Here we speak to Dr Sarah Halford, head of Medical Sciences, Cancer Research UK Centre for Drug Development about the trial and its Covid-19 efforts.
First of all, could you briefly introduce the SPIKE1 trial?
SPIKE1 is recruiting participants who have symptoms of Covid-19 and test positive, at their initial presentation in the community setting. Participants are assessed daily by telephone and self-report their temperature, pulse and blood oxygen levels. The primary outcome will be to evaluate the efficacy of camostat in preventing respiratory deterioration in participants with SARS CoV-2 infection. Hospital admission requiring supplemental oxygen is the primary endpoint. Participants will be randomised to either the camostat arm or to standard of care.
Cancer Research UK was approached by Latus Therapeutics regarding the potential of camostat. What made the charity so keen to work with the pharma company on the drug?
Latus Therapeutics are the originators of this study and approached us because Cancer Research UK had indicated that the CDD was willing to use their expertise in drug development and early clinical trials to help develop treatments for Covid-19. The Covid-19 pandemic has had a profound effect on all facets of public and private life and on cancer patients in particular, with initial disruption to the delivery of all cancer services (screening, diagnosis, ongoing treatments and clinical trials). The development of effective antivirals will help to minimise further disruption to cancer services, which is particularly important as we enter the second wave.
How does camostat work?
The hypothesis is that camostat blocks TPMRSS2-dependent entry of the SARS-CoV-2 virus into cells, thereby reducing viral load and the length of time Covid-19 patients are infectious, as well as the severity of their disease.
*Editor’s note - TPMRSS2 is an enzyme which is thought to play an important role in enabling SARS-CoV-2 to infect healthy cells.
The trial was set up in a matter of weeks. What were some of the biggest factors in helping expedite the quick turnaround.
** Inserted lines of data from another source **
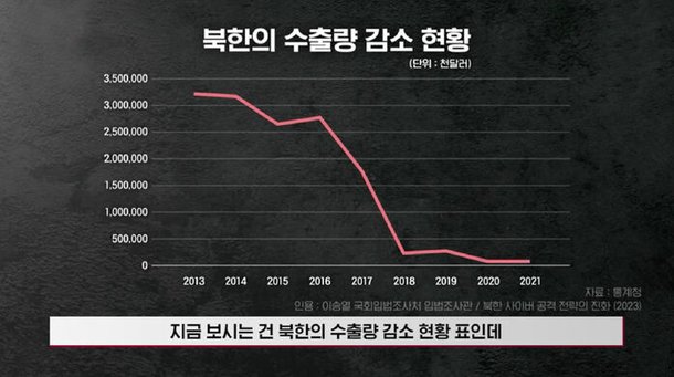 북한의 수출량 감소 현황 표입니다. 북한에 대한 강력한 경제 제재가 가해졌던 2016년과 2017년을 기점으로, 북한의 수출량이 뚝 떨어진 걸 볼 수 있습니다.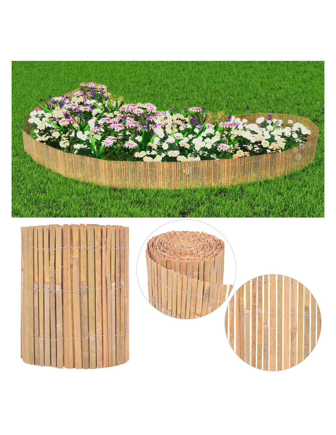 Questa recinzione da giardino è realizzata con listelli di bambù e può essere utilizzata per separare sezioni del giardino o per delimitare un percorso o un vialetto di ingresso aggiungendo un tocco di fascino tropicale all'ambiente esterno. Il suo aspetto naturale si adatta a qualsiasi stile di arredamento da giardino. Grazie alle fascette o ai punti metallici che mantengono la recinzione flessibile in posizione verticale, è molto facile creare sezioni di forme e dimensioni diverse.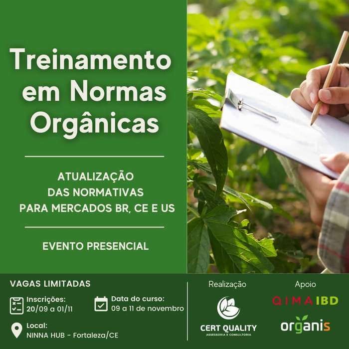 É com satisfação que o IBD Certificações em parceria com a Cert Quality Assessoria e Consultoria, convida você a participar do Treinamento em Normas Orgânicas, a ser realizado no período de 09 a 11 de novembro de 2022, em Fortaleza-CE, no formato presencial.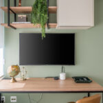 Com um recorte de parede pintado em verde, este projeto cria uma moldura visual para a área de trabalho. A paleta neutra da mesa e da cadeira contrasta com a vibração da cor, enquanto as prateleiras brancas e os quadros botânicos reforçam a proposta de integrar o espaço à natureza. Um home office compacto, mas cheio de estilo.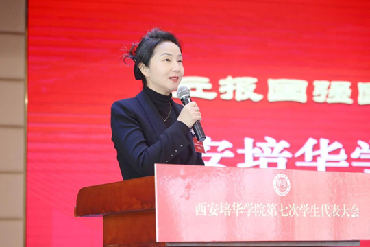 张一洋充分肯定了西安培华学院学生会近年来在思想引领、组织建设与服务同学方面取得的扎实成效。他指出,学生会组织要始终牢记“全心全意服务同学”的根本宗旨,切实发挥桥梁纽带作用,在全国学联二十八大精神指引下,持续深化改革创新,不断增强政治性、先进性、群众性。他勉励全体代表以此次大会为契机,进一步团结带领广大同学坚定理想信念、练就过硬本领,在谱写中国式现代化建设的陕西篇章中展现培华青年的先锋力量。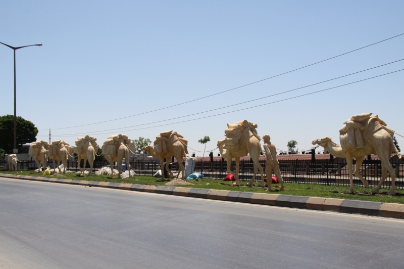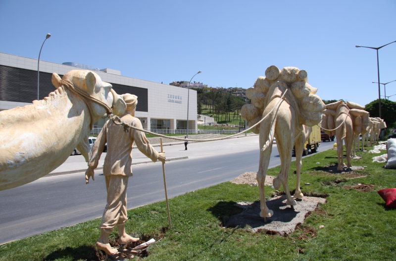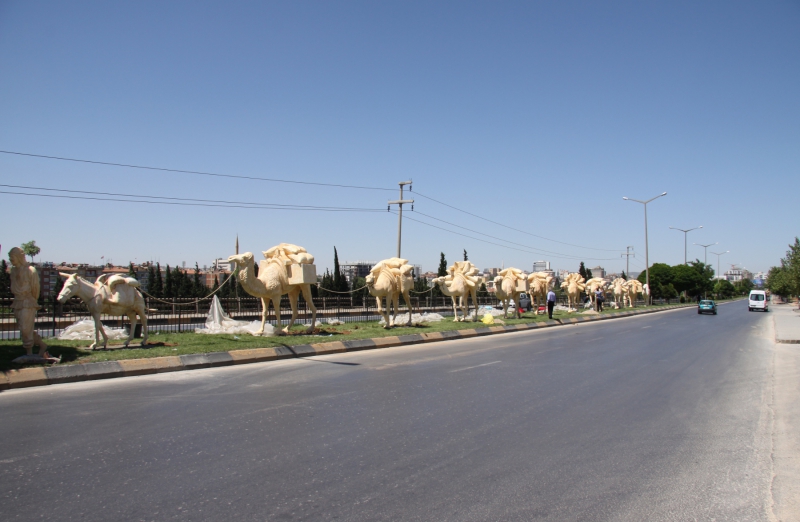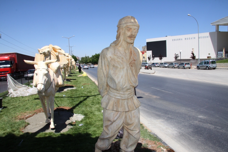 Zeugma Mozaik Müzesi karşısında, D400 Karayolu üzerindeki refüjlere yapılan insan, deve ve eşek figürü ile yıllar önce yaşanan manzara yeniden canlandırıldı.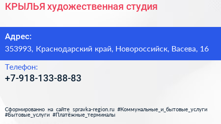 КРЫЛЬЯ, художественная студия по адресу 353993, Краснодарский край, Новороссийск, Васева, 16 в дальнейшем Организация, размещена в следующих категориях: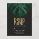Elegante, moderna y sencilla playa de color verde agua tropical suizo queso monstera hoja sobre fondo negro con falsos impresos tipografía de Relieve metalizado dorado verano RSVP Postales. Este diseño clásico y sofisticado es perfecto para cualquier evento elegante y de moda, incluyendo bodas y ocasiones diarias. Personalice con su propio mensaje en la parte delantera, así como un monograma inicial personalizado en la parte posterior. Todo el diseño de impresión fotográfica.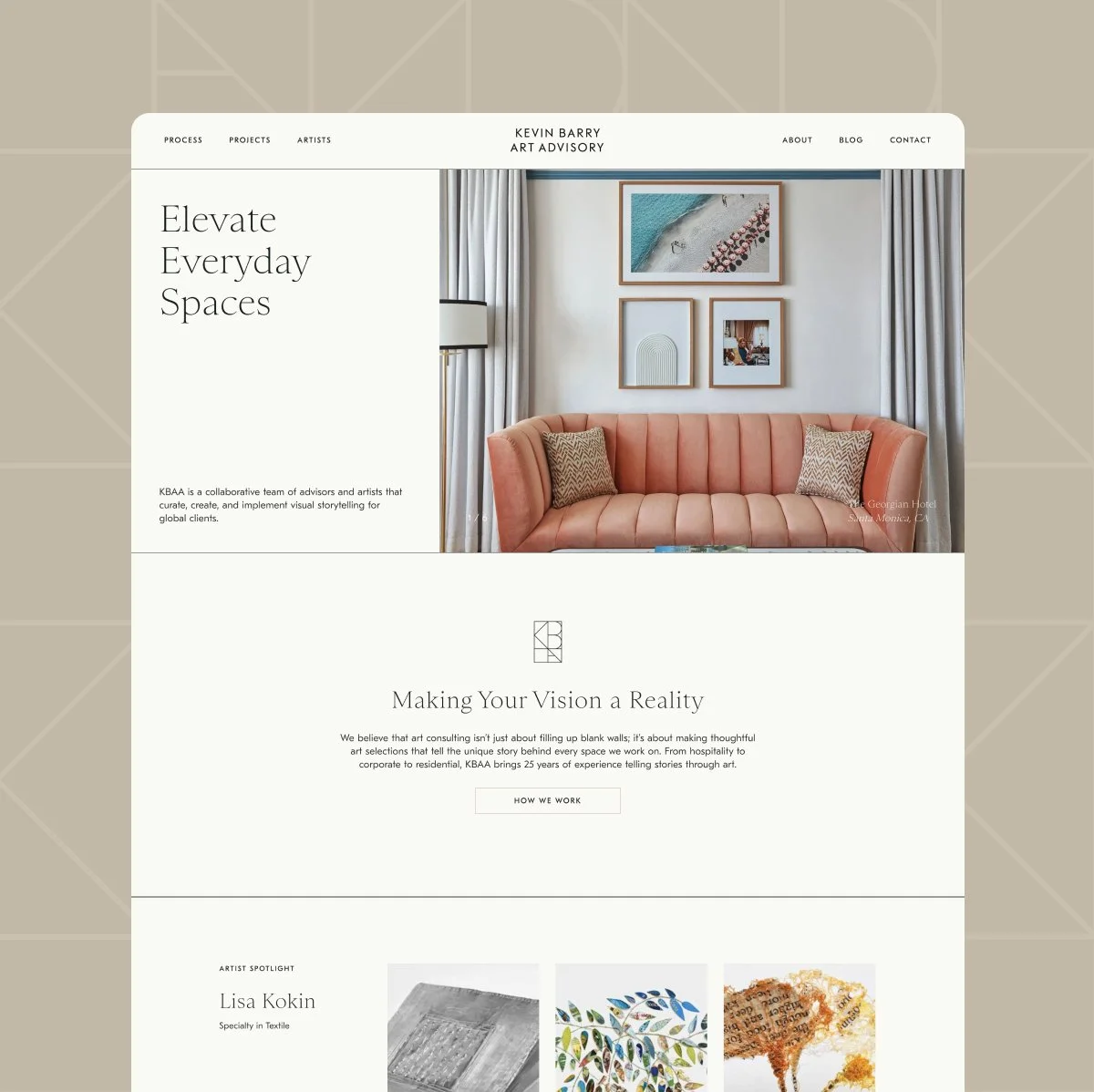 KBAA was originally known as Kevin Barry Fine Art, a growing national brand curating thoughtful art programs for hotels, commercial spaces, and homes. I led their repositioning and renaming to Kevin Barry Art Advisory (KBAA), crafting the tagline Elevate Everyday Spaces, and developing core brand messaging. We refreshed their visual identity and web design, paving the way for expansive growth and a distinguished reputation within the industry.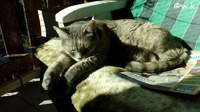Vormonat Noch Tage bis zu meinem 10ten 16. September 2014 ↓ Der Spätsommer läuft und endlich läßt sich - nach vielen echt kalten Tagen - auch die Sonne mal wieder blicken. Sogar für länger und mit angenehmen Temperaturen knapp über 20°C. So könnte es gerne noch 'ne ganze Weile sein und bleiben!! Hauptsache noch nicht richtig kalt und kein Schnee! Mici freut sich, wenn sie - je nach Lust und Laune - auf den Balkon rausspringen kann und sich in die Sonne legen kann. Und wenn es ihr dann zuviel Wärme ist, dann geht sie eh von ganz alleine wieder rein. So wie sie eben mag.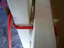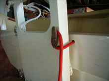 Whipped up a small jam cleat & screwed/glued to back of main ladder frame, drilled hole in transom near ladder rope hole & fitted 6mm rope of appropriate colour with figure 8 knot on end. When ladder is folded against transom, the white ladder rope forms a soft buffer so no need for bungee to keep enough pressure on ladder to stop rattling. If the red rope comes loose while sailing, so what!.... the ladder will simply trail until you re-cleat it. The pics show it all.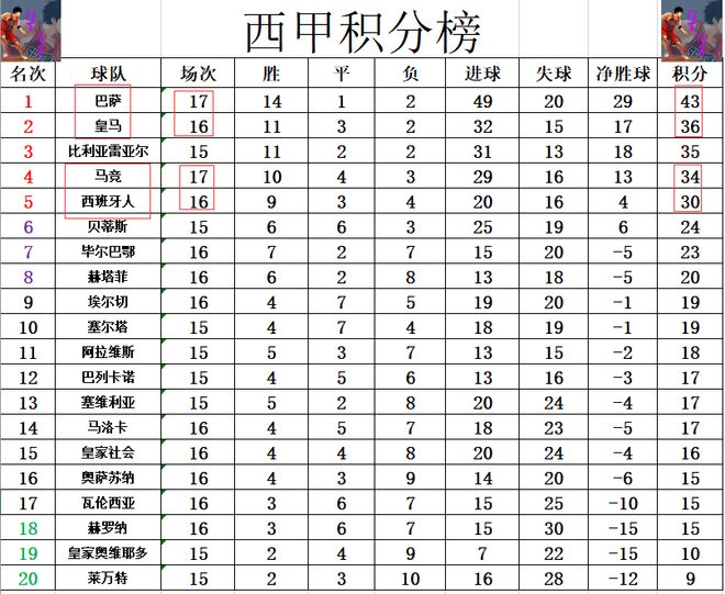 积分榜方面,巴萨主场拿下奥萨苏纳后豪夺联赛7连胜,先赛的他们已经将和皇马的差距拉大到7分。西班牙人近来的状态也很不错,俨然一匹大黑马,客场击败赫塔菲后取得一波4连胜,少赛一场只落后第4的马竞4分。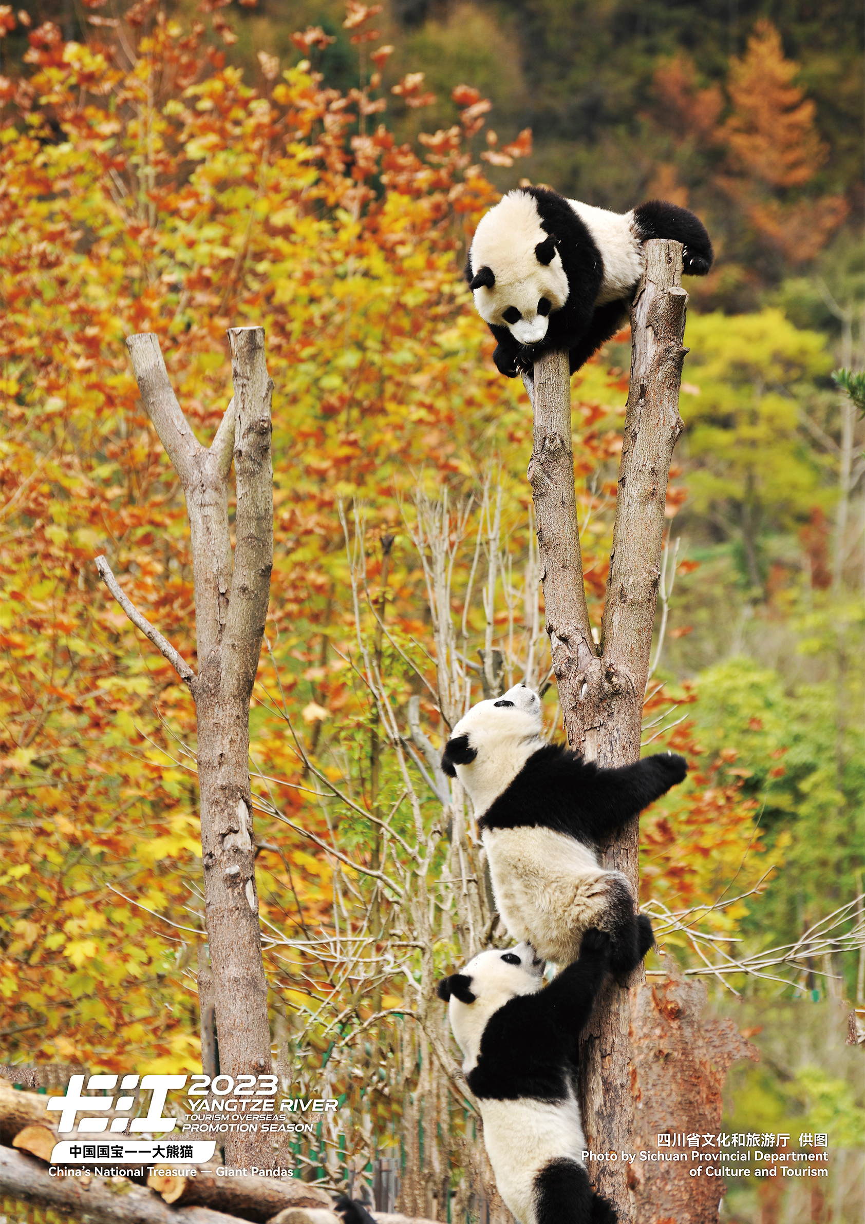 This undated photo shows three giant pandas frolicking in a tree in southwest China's Sichuan Province. /Photo provided to CGTN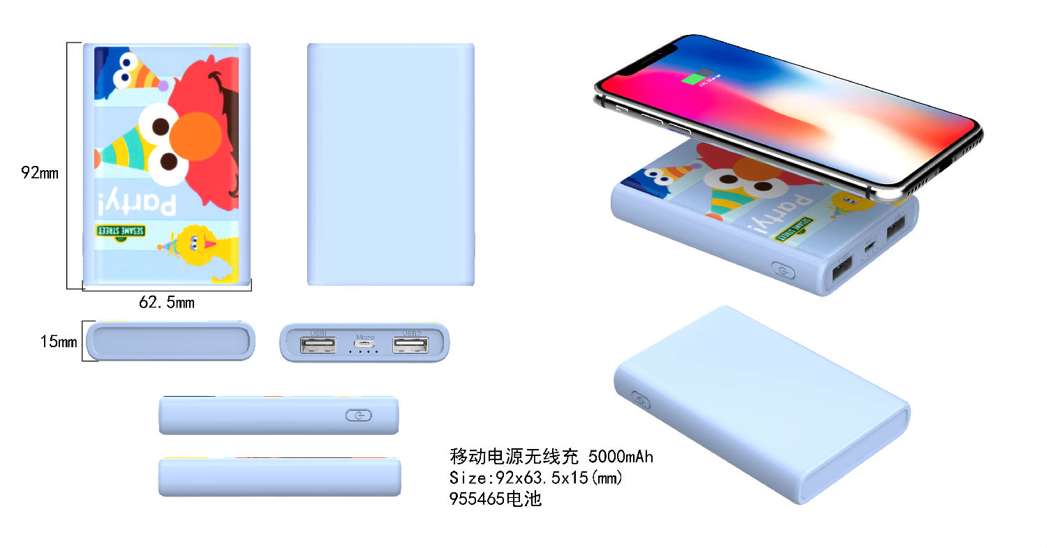 Material: ABS Product size:92*63.5*15mm Weight:122g Battery type:955465 Li-polymer 5000mAh Micro input:5V/2A USB A output1/2: 5V/2A Wireless output:5W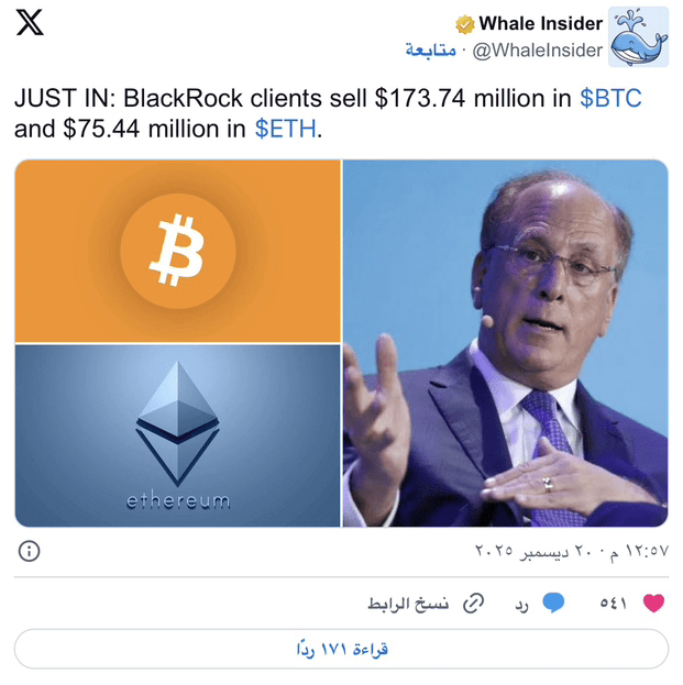Investitori collegati a BlackRock hanno provocato una reazione forte nei mercati delle criptovalute dopo aver venduto grandi quantità di Bitcoin ed Ethereum. I dati mostrano che i clienti hanno venduto Bitcoin per un valore di 173,74 milioni di dollari e Ethereum per 75,44 milioni di dollari. Questo movimento ha rapidamente attirato l'attenzione degli investitori, data l'ampia influenza di BlackRock sui flussi di capitale istituzionali a livello globale. I partecipanti al mercato stanno attualmente analizzando se questo cambiamento rifletta una presa di profitto o una cautela più profonda.

Having an engaged chief investigator, professor Kev Dhaliwal, with an experienced team based in Edinburgh was a major factor, enabling us to set up the trial quickly. Bringing together skilled and knowledgeable people internally to support the trial and ensuring the key objectives and goals were clear was also important. It was an opportunity to look at our internal processes and see where we could creatively adapt them, whilst still maintaining the high standards mandated from a clinical, safety and regulatory perspective when setting up new trials. For example, we were able to build the clinical database in four weeks by making use of libraries of existing forms, keeping edit checks to a minimum, and putting extra resources onto the project. In addition, we set up the randomisation element of the study in parallel with the database build.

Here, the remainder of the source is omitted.